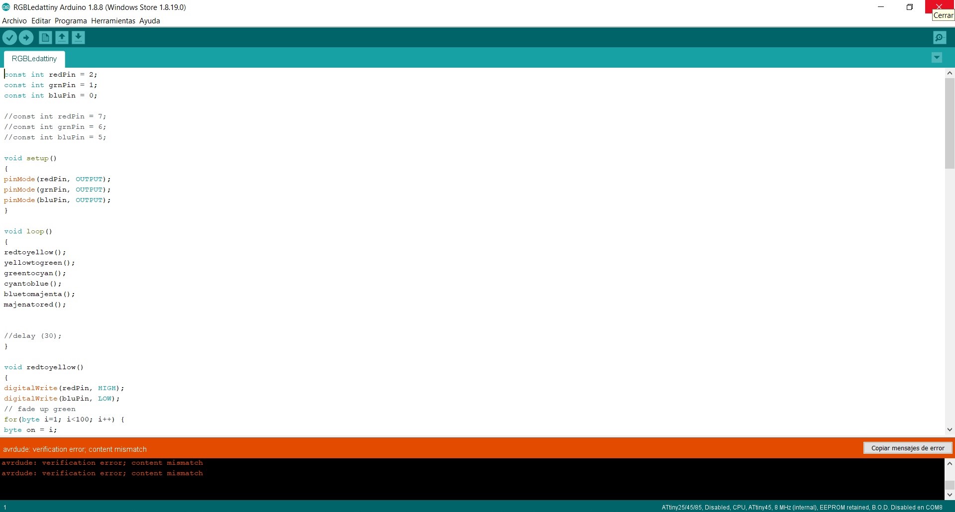 - 1 All the programming of the electronic system was carried out with the Arduino software and with the Arduino UNO board in its initial phase. First a test of the operation of the RGB led and the code was carried out. To adapt the system to the wearable, the ATtiny85 microcontroller programmed through the AVR board of Sparkfun was used.
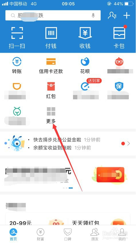 首先,打开登录支付宝,进入支付宝的首页,选择此中的“更多”,如图所示。
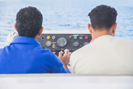 Sailing navigation panel console on sail boat. Navi sea equipment, screens and modern compass
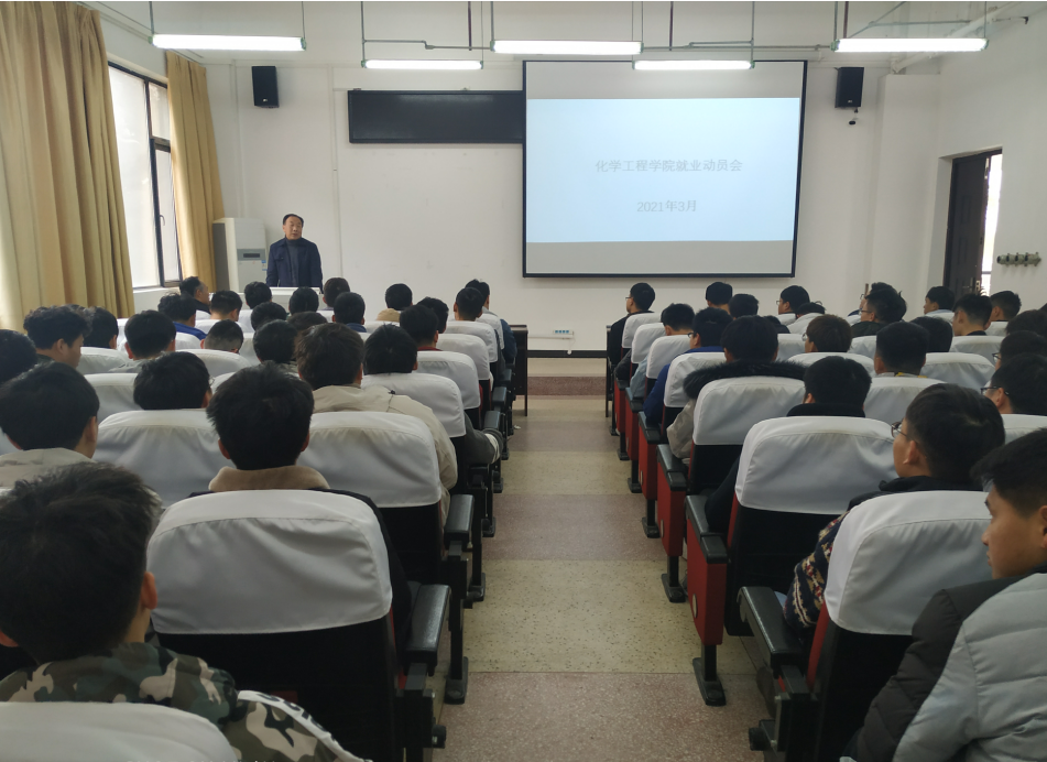 3月17日上午,化工美女av 在火工楼104报告厅召开2021届毕业生就业工作促进会,落实推进毕业生就业工作的举措。美女av 党委书记王大贤、院党委副书记黄晟、毕业班辅导员及全体未签约毕业生参加了会议。
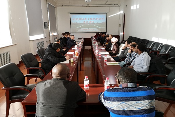 考察结束后,杨大助副总干事与核公司20余名中国政府原子能奖学金职工及职工导师代表进行了亲切的座谈交流,首先对员工们受到国际原子能机构资助的情况进行简要的了解,然后通过员工逐一发言,了解员工在公司的学习和科研情况。来自不同国家的职工对其国家的核能发展情况进行了介绍,并表达了自己要为核能领域做贡献的决心。杨大助副总干事希望公司可以积极协调对接国内核能核电企业、院所,为职工提供优质的实习、实训条件。目前核公司已经与中核集团、中广核、中船重工等下属的企业、院所建立起了实践教学基地。下一步公司将计划安排职工去实践基地进行科研实践。
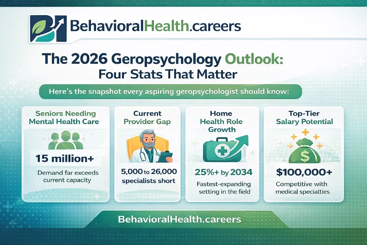 If you’re exploring behavioral health careers or looking to specialize, geropsychology represents the rare intersection of urgent need, competitive pay, and long-term job security.
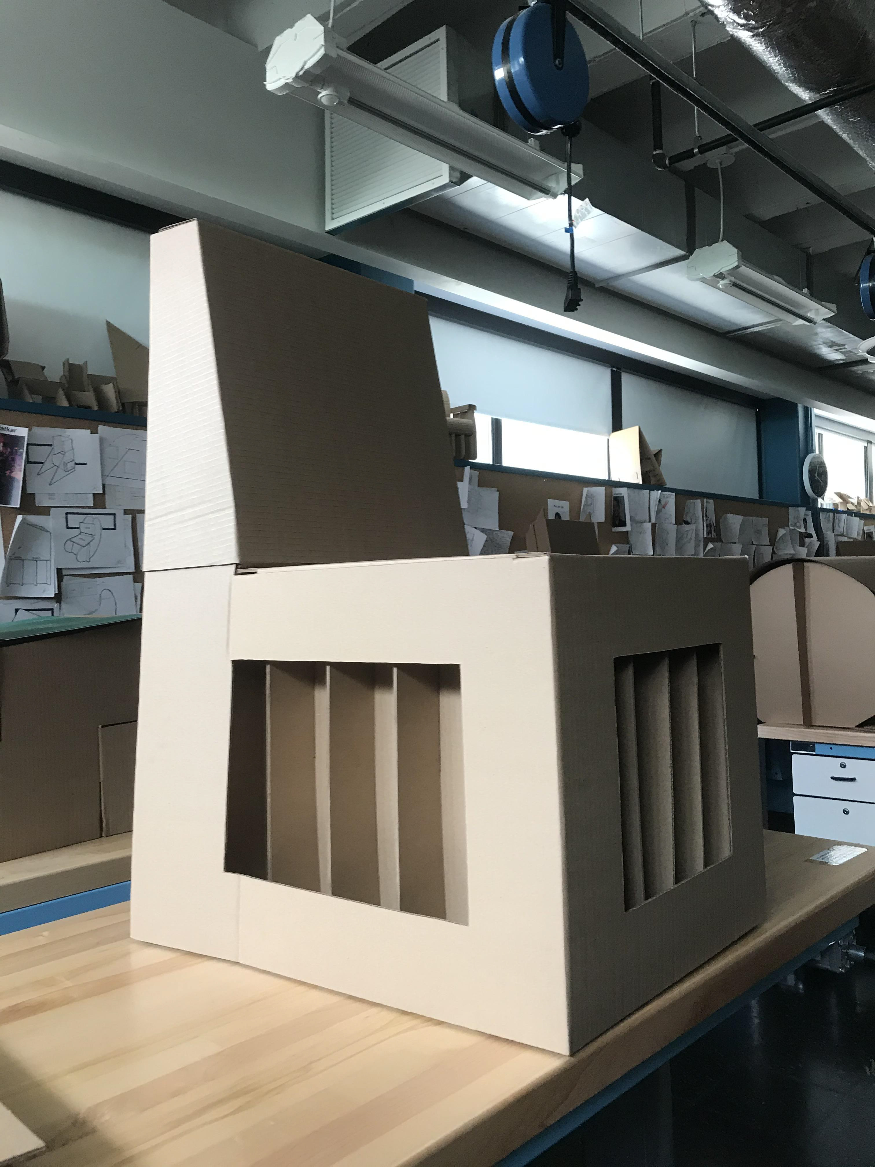 Create a functional and creative chair design from two sheets of 4'8' single ply cardboard that can withstand the forcesĀ of human use.
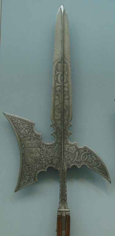 The halberd head––consisting of an axe blade with strongly concave cutting edge, a wide double-edged thrusting blade with strong mid-ridge, and a down-curved apical beak––is almost completely covered with etched decoration. On one side of the axe blade is etched the arms of the Princes Liechtenstein, and on the other an oval medallion with the emblem of a hammer-wielding hand striking a pointed anvil, the personal device of Carl Eusebius (1611–1684), Prince of the Empire and Regent of the House of Liechtenstein, and the inscription VIRTUTE ELUDITUR ICTUS (“Through virtue he eludes the blow”).
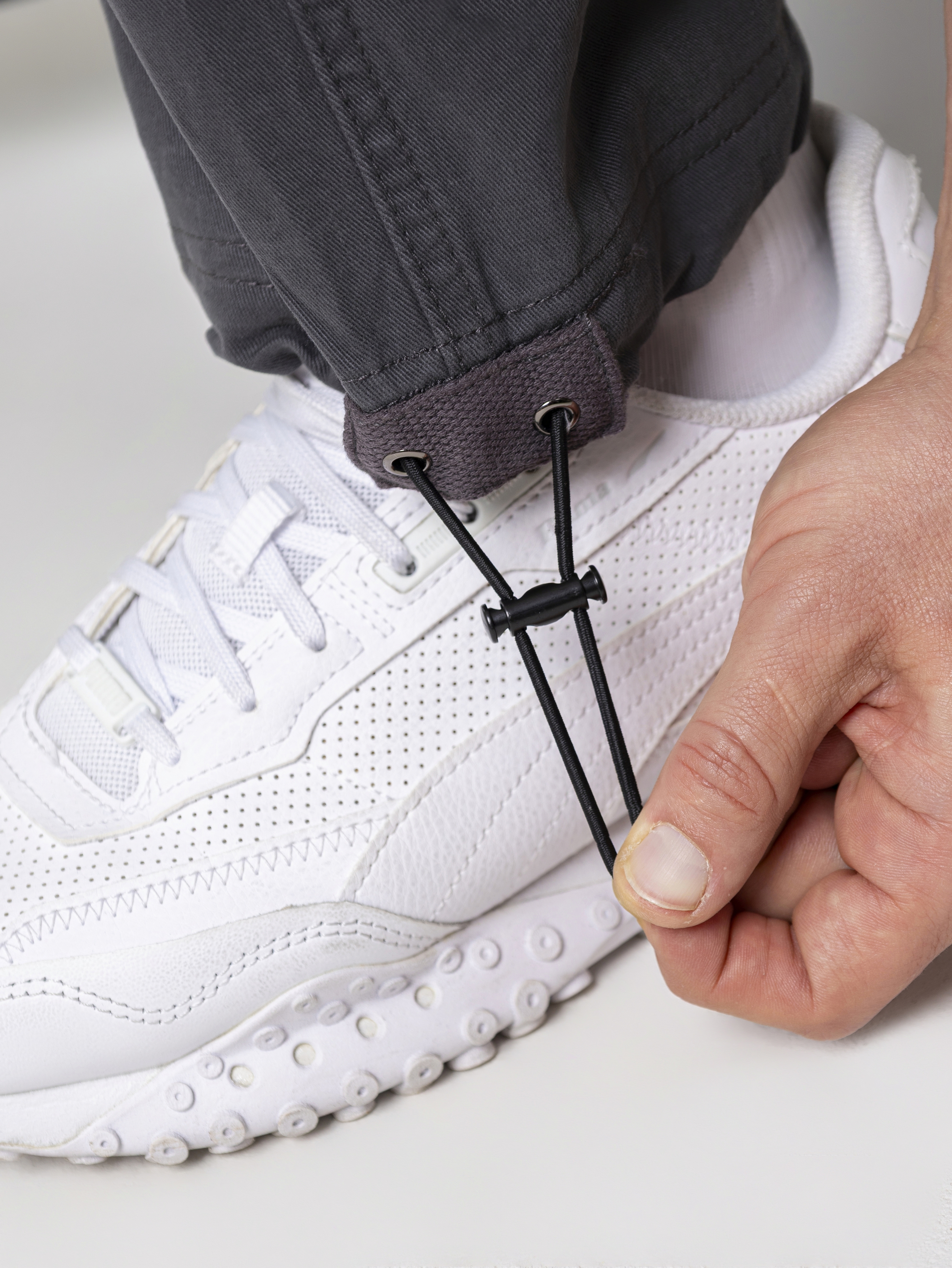 Внизу штанины имеется утяжка, по желанию можно затянуть штанины, чтобы они плотно прилегали к ноге. В виде застежки используется надежная металлическая молния и пуговица.
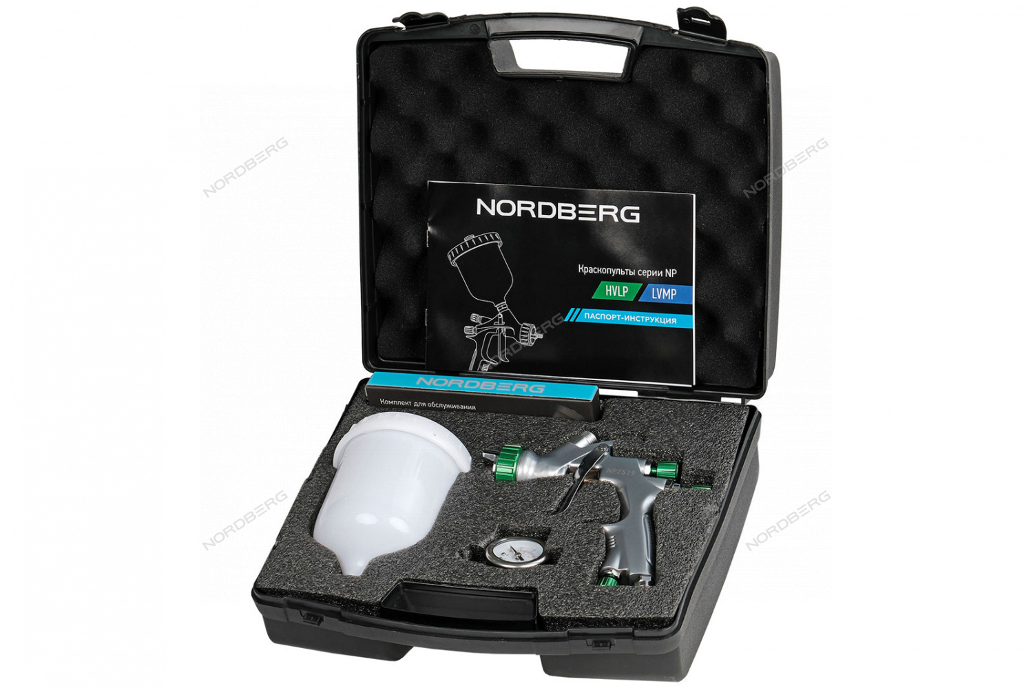 Краскопульт HVLP с верхним бачком, сопло 1,8 мм, пластиковый кейс NORDBERG NP7519
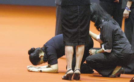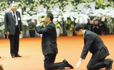 王永慶夫人李寶珠在靈堂前行跪拜大禮,思念丈夫的情緒與淚水一起宣泄。圖:臺(tái)灣《聯(lián)合報(bào)》
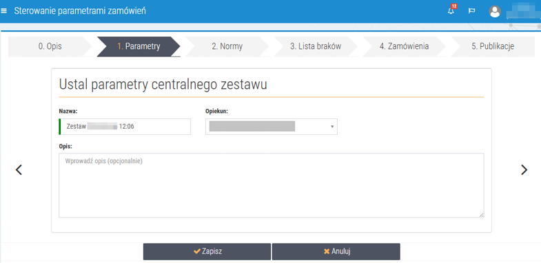 2. Krok pierwszy: ustalenie parametrów centralnego zestawu. W tym miejscu można uzupełnić nazwę, opiekuna (pola są domyślnie uzupełnienie, ale można je edytować) oraz dodatkowy opis:
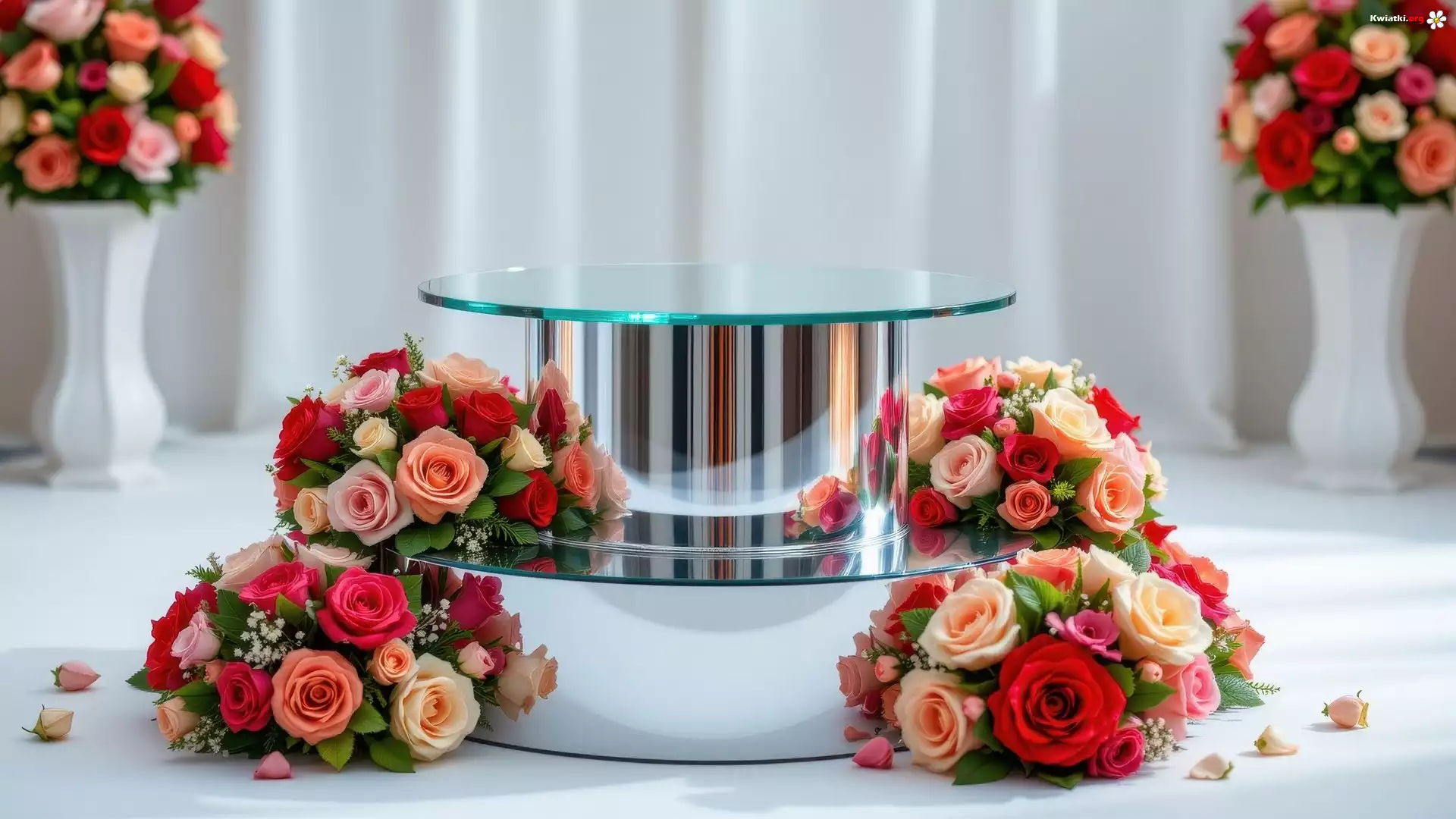 Szklane, Podium, Bukiety, Kolorowe, Róże - Zdjęcia

▶ _WORK INSTRUCTION_
Nothing but the lines from the line containing "2. Krok pierwszy: ustalenie" through the last line of the material may be output, and they must be copied exactly, without pictures.

▶ _RESPONSE_
 2. Krok pierwszy: ustalenie parametrów centralnego zestawu. W tym miejscu można uzupełnić nazwę, opiekuna (pola są domyślnie uzupełnienie, ale można je edytować) oraz dodatkowy opis:
 Szklane, Podium, Bukiety, Kolorowe, Róże - Zdjęcia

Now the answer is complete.